Como indica la sentencia de esta misma sección de 22 de abril de 2021 ( ROJ: SAP GR 527/2021 - ECLI:ES:APGR:2021:527 ) atendiendo al criterio fijado por la STS nº 419/2017 de 4 de julio, que establece que el más ajustado al principio de no vinculación del consumidor a las cláusulas abusivas y al principio de efectividad del Derecho de la Unión es que las costas de las instancias incluso en caso de modificación del criterio jurisprudencial, es que se impongan al banco demandado sobre la base de los siguientes argumentos: ' 1.ª) El principio del vencimiento, que se incorporó al ordenamiento procesal civil español, para los procesos declarativos, mediante la reforma de la Ley de Enjuiciamiento Civil de 1881 por la Ley 34/1984, de 6 de agosto, es desde entonces la regla general, pues se mantuvo en el art. 394.1 de la vigente Ley de Enjuiciamiento Civil de 2000 , de modo que la no imposición de costas al banco demandado supondría en este caso la aplicación de una salvedad a dicho principio en perjuicio del consumidor.
2.ª) Si en virtud de esa salvedad el consumidor recurrente en casación, pese a vencer en el litigio, tuviera que pagar íntegramente los gastos derivados de su defensa y representación en las instancias, o en su caso de informes periciales o pago de la tasa, no se restablecería la situación de hecho y de derecho a la que se habría dado si no hubiera existido la cláusula suelo abusiva, y por tanto el consumidor no quedaría indemne pese a contar a su favor con una norma procesal nacional cuya regla general le eximiría de esos gastos. En suma, se produciría un efecto disuasorio inverso, no para que los bancos dejaran de incluir las cláusulas suelo en los préstamos hipotecarios sino para que los consumidores no promovieran litigios por cantidades moderadas.
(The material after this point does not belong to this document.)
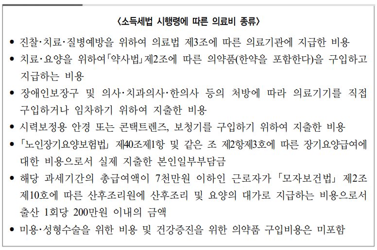 이 때, 가입자가 부담하는 요양비를 "소득세법 시행령 제118조의5제1항 및 제2항"에 따른 의료비로 규정하고 있는 바 이 점 참고하시기 바랍니다.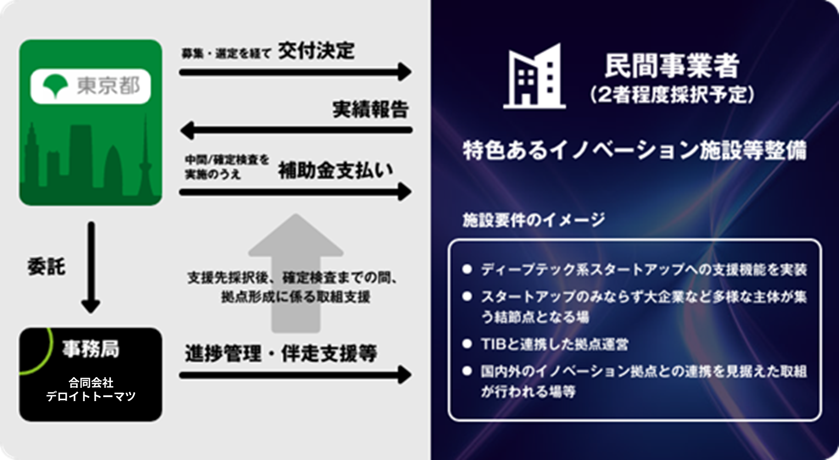 ディープテック・スタートアップのニーズを捉えたラボや実証フィールドなどの研究開発環境の整備に向け、既存の類似施設にはないような強力な支援機能を有するイノベーション拠点の形成に取り組む民間事業者を支援します。事業スキーム

3.ª) La regla general del vencimiento en materia de costas procesales favorece la aplicación del principio de efectividad del Derecho de la Unión y, en cambio, la salvedad a dicha regla general supone un obstáculo para la aplicación de ese mismo principio'
Criterio este que es el que sigue la presente resolución, de modo que, procede mantener la imposición de las costas de la instancia, sin que haya justificado el recurrente dudas de derecho que lleven a otra conclusión
Vistos los artículos citados y demás preceptos de pertinente y general aplicación, este Tribunal,
Fallo
Esta Sala ha decidido revocar la sentencia de fecha 28 de octubre de 2020 , dictado por el Juzgado de Primera Instancia nº 9 de Granada, en los siguientes extremos:
- El apartado E) que condena a abonar el 50% de los gastos de gestoría, debiendo de estimarse la pretensión de la actora de abonar la totalidad de dichos gastos.
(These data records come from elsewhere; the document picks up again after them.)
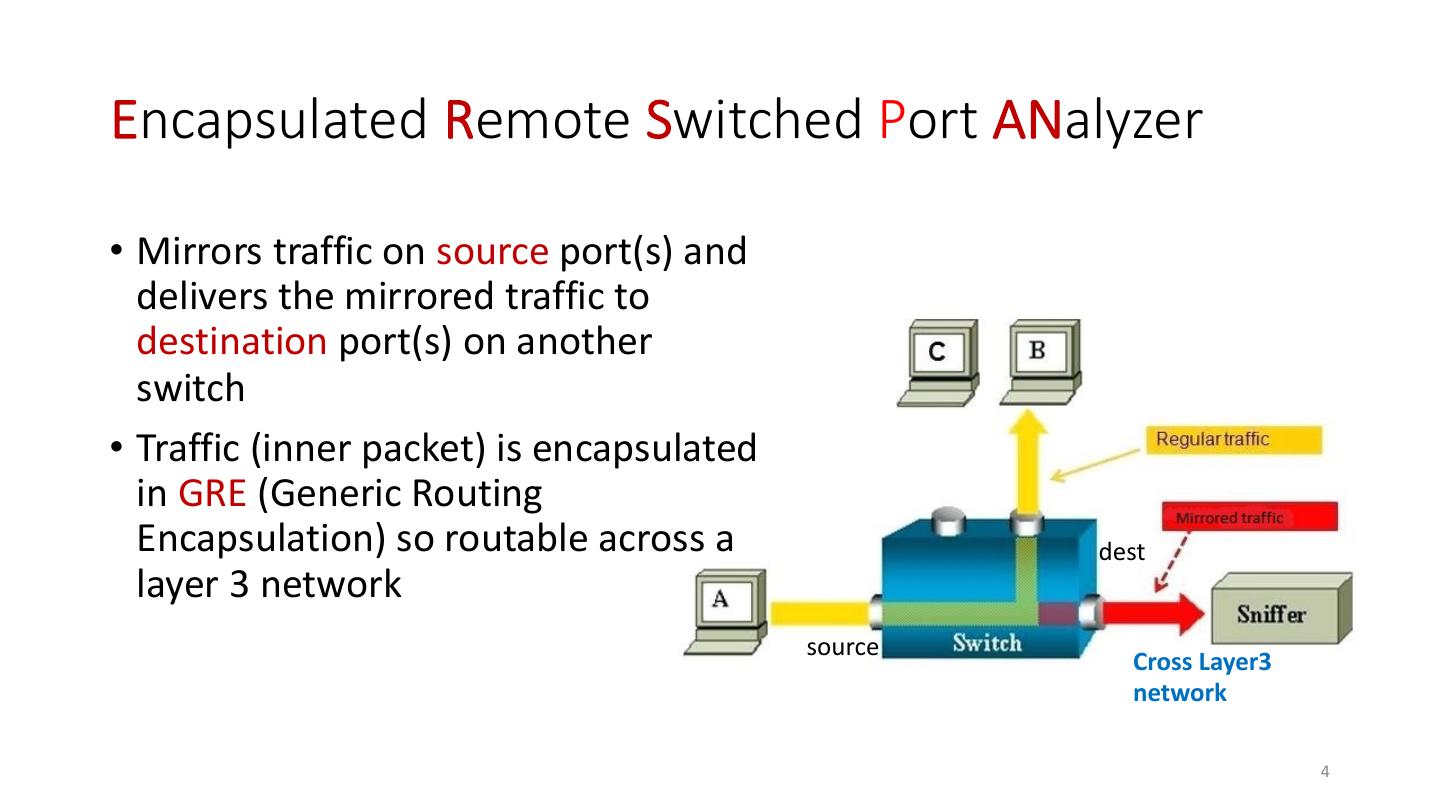 3 .Port Mirroring Examples • Host A sends traffic to Host B • A copy of the traffic is forwarded to sniffer Three ways: • SPAN: sniffer is at the same switch • RSPAN: sniffer is at different switch • ERSPAN: sniffer is across IP network • Use cases: • Analyze, diagnose, detect malicious traffic 3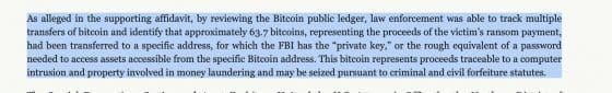 FBI가 해커들의 개인키를 해킹했다면 어떨까요? 비트코인은 개인키만 보관하고 있으면 해킹 당하지 않는다는 신화가 무너지는 거죠. 비트코인의 존립 기반이 사라져요. 미국 법무부는 홈페이지에 이 사실을 알리면서 “다크사이드로부터 230만 달러 상당의 암호화폐를 압류(SEIZE)했다”고 밝혔어요.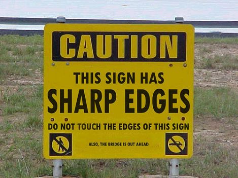 This is pretty much self-explanatory, though I doubt it was placed in a location where anyone could get hurt. Perhaps Trumpf’s beautiful new wall separating us from Mexico could be replaced with a few thousand of these signs—in English and Spanish.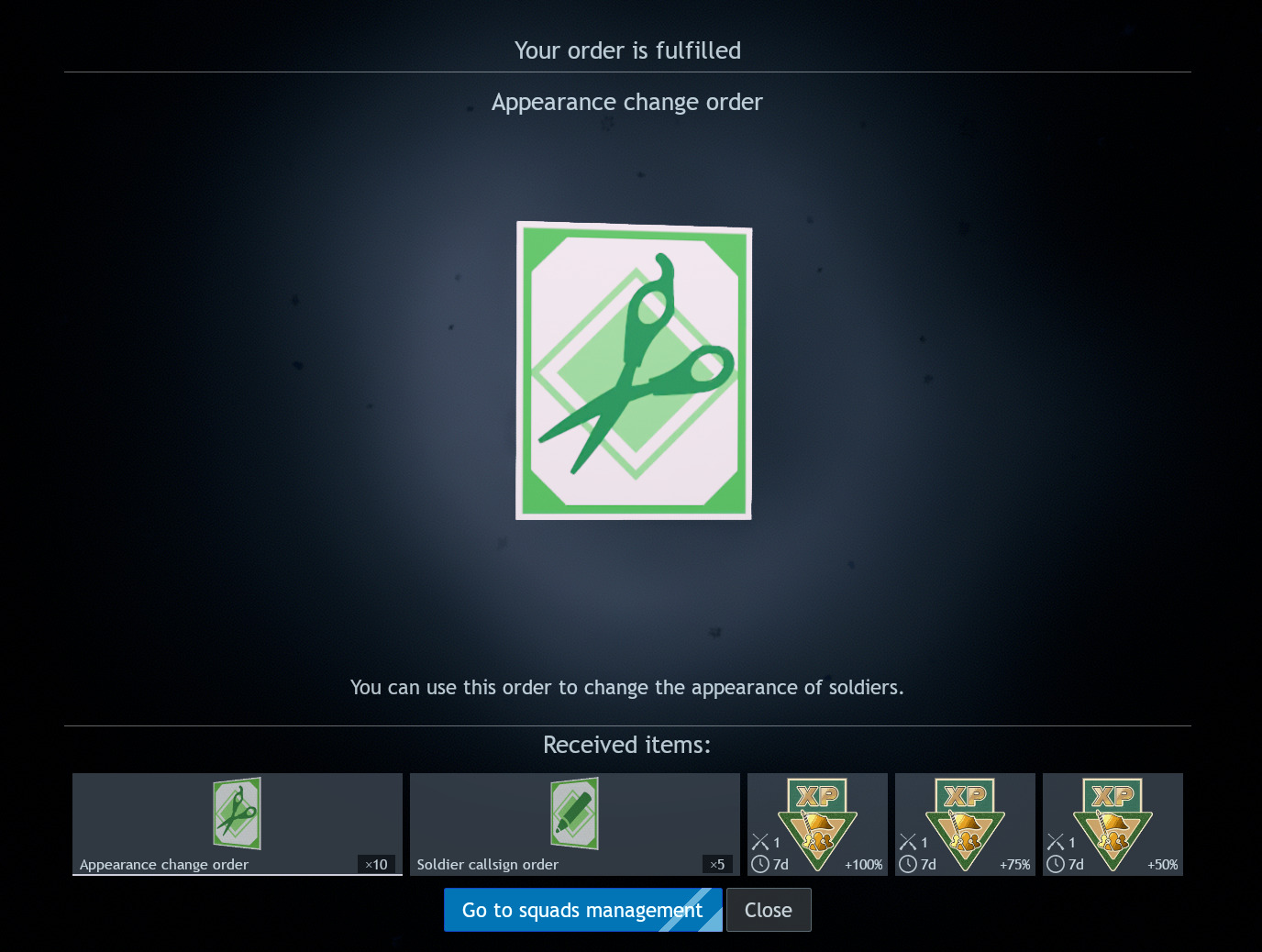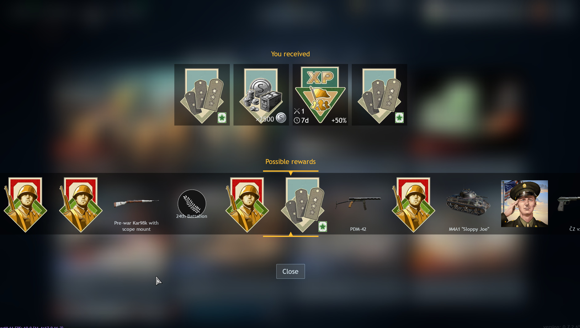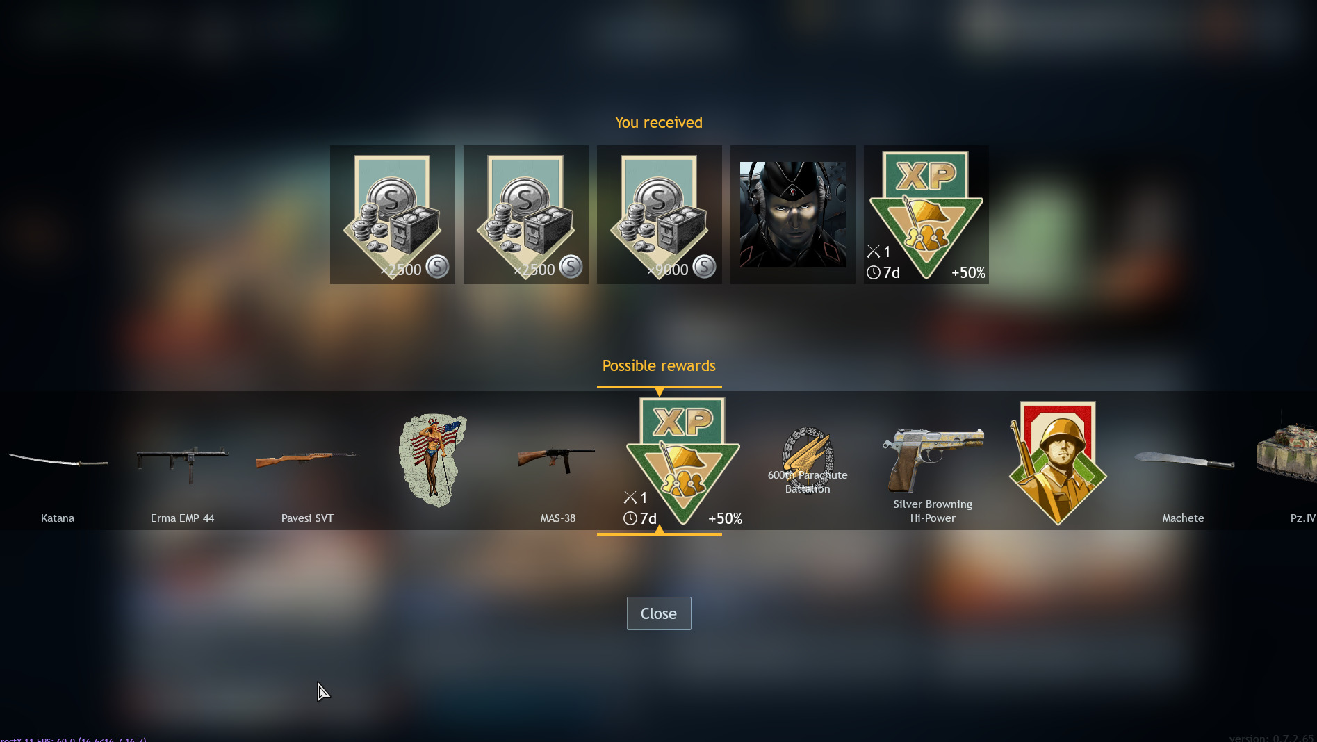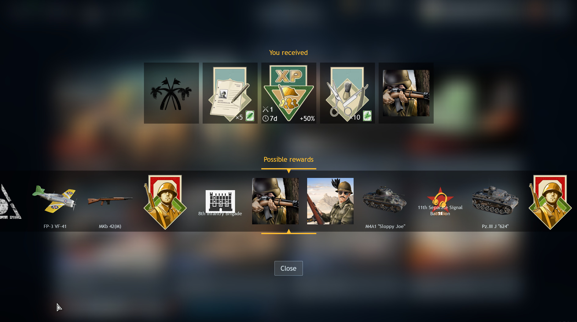 I spent 700k again just for italian paras(also kind of hoping to get any axis para) and got USA para, Kv1, A13,Stuart,Me410,Beretta 1918,STG44,PPD34,Fedorov,Murata,Yak, a camouflage for tank, couple of soldiers and boosters and rest classic orders and portraits as far as I remember, I was kind of sad and stopped wasting any further silver and decided to look at the my factions to see what I got and I saw Fg42 paras in my squad list, it was a nice surprise lol

- La declaración de nulidad de la comisión de apertura y la restitución del importe abonado, debiendo declararse la validez de dicha cláusula.
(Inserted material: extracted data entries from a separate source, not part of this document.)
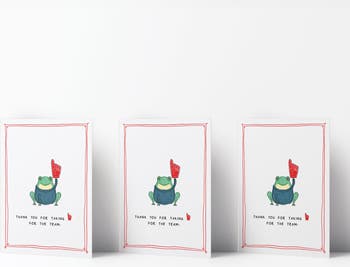 This 3-pack of Thank You greeting cards is elegantly illustrated by artist Ingrid Ramus, founder and owner of the Ramus & Co brand. The cards are blank inside. All greeting cards are made in the USA on heavyweight uncoated and locally-manufactured card stock. Each card is individually wrapped in TUV Austria certified-compostable PLA sleeves that meet both ASTM D6400 & EN 13432 standards. Each card is accompanied by a hand-embossed envelope made with heavyweight 95lb paper and a peel-and-stick flap - no licking envelopes here! All Ramus & Co. greeting cards are printed on FSC© and SFI© certified paper sourced from a regional mill that harnesses 66% of its energy from on-site sustainable sources, such as emission-free hydroelectricity and biomass co-generation from wood waste. Additionally, our greeting cards are thoughtfully packaged in bags made from certified compostable PLA material. Husband-and-wife team Calvin and Ingrid Ramus founded Ramus & Company in 2019, in New England, USA. Ingrid, the creative designer behind the brand, originates from Mexico, where she cultivated her skills in fashion and textile design. Drawing from her unique and inquisitive perspective on preppy style, Ingrid prolifically designs whimsical yet classic stationery and lifestyle items.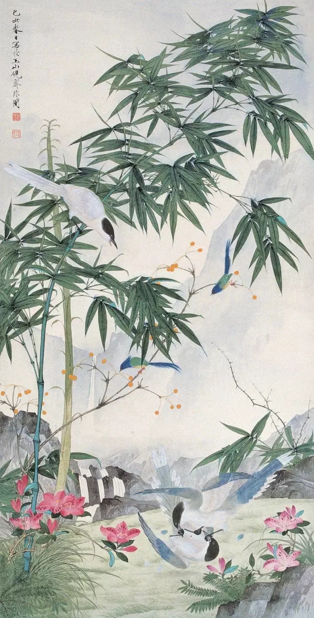 于非闇先生作品《鸟嬉春眼漾》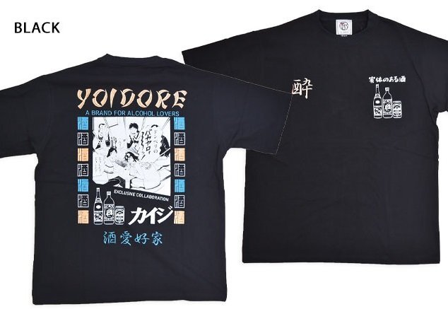 すべての酔いどれに届ける、酔いどれのためのブランド「YOIDORE」より、カイジ×YOIDOREコラボ 半袖Tシャツ「C柄」(825217)が入荷してまいりました。 酔いどれ(酔っ払い)に届ける、酔いどれ(酔っ払い)のためのブランド。 お酒をテーマにした様々なデザインを落とし込んで展開。 気鋭のアーティストや酒造メーカー、人気ショップとのコラボレーションや、型にはまらない独特の世界感を表現した新感覚のアパレルブランドです。 老若男女お酒好きな方、お酒のお供にいかがでしょうか。 漫画【賭博黙示録カイジ】と、お酒をテーマにした酔いどれのためのブランド【YOIDORE】の夢のコラボが実現! 名セリフをデザインに落とし込んだ、ファン垂涎のアイテムです!! 背中には、主人公伊藤開司が飲み会で「ドンペリのバカヤロォーッ!」と叫ぶ一コマをプリント。 ファンの方には是非手にとっていただきたいデザインです。 ややゆったりめのルーズなシルエットは適度なリラックス感があり、ラフな呑みシーンでのコーディネートに取り入れたいマストなアイテムです。 | ||||||||||||||||||||

- La inscripción de la sentencia en el Registro de Condiciones Generales de la Contratación, que debe de limitarse a la inscripción de la declaración de nulidad de las cláusulas relativa a la imposición de los gastos y tributos a cargo del prestatario, los gastos notariales, registrales, de gestión, relativos a la constitución del préstamo hipotecario
Todo ello sin efectuar expresa imposición de las costas de ésta alzada y dando al depósito para recurrir el destino que legalmente corresponda.
Así por esta nuestra resolución la pronunciamos, mandamos y firmamos.
Contra esta resolución cabe recurso alguno por interés casacional o infracción procesal.